Task input:
━━━━━━━━
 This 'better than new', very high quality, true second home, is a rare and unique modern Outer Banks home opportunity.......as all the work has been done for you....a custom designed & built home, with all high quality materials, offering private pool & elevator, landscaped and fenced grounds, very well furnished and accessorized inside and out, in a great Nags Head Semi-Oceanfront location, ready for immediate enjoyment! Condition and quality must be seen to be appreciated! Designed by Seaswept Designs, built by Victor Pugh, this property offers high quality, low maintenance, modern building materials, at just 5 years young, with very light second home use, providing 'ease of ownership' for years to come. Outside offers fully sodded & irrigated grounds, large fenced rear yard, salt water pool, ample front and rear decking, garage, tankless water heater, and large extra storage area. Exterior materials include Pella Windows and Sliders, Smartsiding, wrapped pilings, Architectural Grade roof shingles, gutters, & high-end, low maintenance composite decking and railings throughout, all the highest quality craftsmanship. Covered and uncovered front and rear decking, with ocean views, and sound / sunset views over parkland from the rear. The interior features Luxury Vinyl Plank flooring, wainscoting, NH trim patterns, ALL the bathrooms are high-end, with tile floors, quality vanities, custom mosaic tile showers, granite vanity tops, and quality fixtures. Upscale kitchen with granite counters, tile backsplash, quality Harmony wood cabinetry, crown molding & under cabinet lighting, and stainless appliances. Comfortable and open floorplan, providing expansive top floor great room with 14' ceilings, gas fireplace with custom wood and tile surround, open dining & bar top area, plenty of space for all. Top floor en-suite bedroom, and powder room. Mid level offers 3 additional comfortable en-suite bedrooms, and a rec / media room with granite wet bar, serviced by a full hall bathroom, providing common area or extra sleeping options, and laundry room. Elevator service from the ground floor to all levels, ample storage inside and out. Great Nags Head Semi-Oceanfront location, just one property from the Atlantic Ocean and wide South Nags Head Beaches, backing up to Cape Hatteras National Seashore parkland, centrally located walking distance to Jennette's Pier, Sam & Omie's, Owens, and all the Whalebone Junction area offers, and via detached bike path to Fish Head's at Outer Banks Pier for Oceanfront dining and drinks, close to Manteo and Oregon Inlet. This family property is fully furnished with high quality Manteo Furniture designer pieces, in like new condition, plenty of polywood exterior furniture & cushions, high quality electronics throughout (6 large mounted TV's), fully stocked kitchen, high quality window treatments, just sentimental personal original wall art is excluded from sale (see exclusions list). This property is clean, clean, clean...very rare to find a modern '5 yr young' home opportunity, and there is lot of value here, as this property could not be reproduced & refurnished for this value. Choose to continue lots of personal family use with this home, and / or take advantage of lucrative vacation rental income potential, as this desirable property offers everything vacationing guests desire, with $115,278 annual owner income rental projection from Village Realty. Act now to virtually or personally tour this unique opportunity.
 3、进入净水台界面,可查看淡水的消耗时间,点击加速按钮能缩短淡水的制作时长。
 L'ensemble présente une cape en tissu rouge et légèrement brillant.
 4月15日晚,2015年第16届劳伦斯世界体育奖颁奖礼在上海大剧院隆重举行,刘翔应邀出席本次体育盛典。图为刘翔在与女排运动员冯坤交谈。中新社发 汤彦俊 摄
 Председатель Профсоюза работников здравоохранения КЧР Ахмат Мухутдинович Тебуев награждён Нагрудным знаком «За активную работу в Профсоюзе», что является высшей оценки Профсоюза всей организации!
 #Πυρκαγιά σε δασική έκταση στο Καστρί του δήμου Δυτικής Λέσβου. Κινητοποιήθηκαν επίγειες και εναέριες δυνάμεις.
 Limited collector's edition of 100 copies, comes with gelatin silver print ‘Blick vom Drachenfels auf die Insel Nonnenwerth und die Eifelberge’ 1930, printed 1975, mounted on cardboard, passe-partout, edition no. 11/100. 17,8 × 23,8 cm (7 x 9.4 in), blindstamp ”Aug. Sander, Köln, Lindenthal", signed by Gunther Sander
━━━━━━━━
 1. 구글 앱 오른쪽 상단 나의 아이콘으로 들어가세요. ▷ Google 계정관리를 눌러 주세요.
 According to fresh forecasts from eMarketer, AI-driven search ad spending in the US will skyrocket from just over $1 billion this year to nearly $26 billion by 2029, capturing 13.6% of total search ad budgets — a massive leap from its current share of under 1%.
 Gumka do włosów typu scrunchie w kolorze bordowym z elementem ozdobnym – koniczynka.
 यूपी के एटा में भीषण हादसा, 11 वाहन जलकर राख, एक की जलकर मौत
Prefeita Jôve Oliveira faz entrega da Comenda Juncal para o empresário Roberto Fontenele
━━━━━━━━
Problem requirements: The exact lines of the material above starting at the one that contains "1. 구글 앱 오른쪽" and ending at the one that contains "Prefeita Jôve Oliveira" are what to retype; leave out everything else.

Solution:
 1. 구글 앱 오른쪽 상단 나의 아이콘으로 들어가세요. ▷ Google 계정관리를 눌러 주세요.
 According to fresh forecasts from eMarketer, AI-driven search ad spending in the US will skyrocket from just over $1 billion this year to nearly $26 billion by 2029, capturing 13.6% of total search ad budgets — a massive leap from its current share of under 1%.
 Gumka do włosów typu scrunchie w kolorze bordowym z elementem ozdobnym – koniczynka.
 यूपी के एटा में भीषण हादसा, 11 वाहन जलकर राख, एक की जलकर मौत
Prefeita Jôve Oliveira faz entrega da Comenda Juncal para o empresário Roberto Fontenele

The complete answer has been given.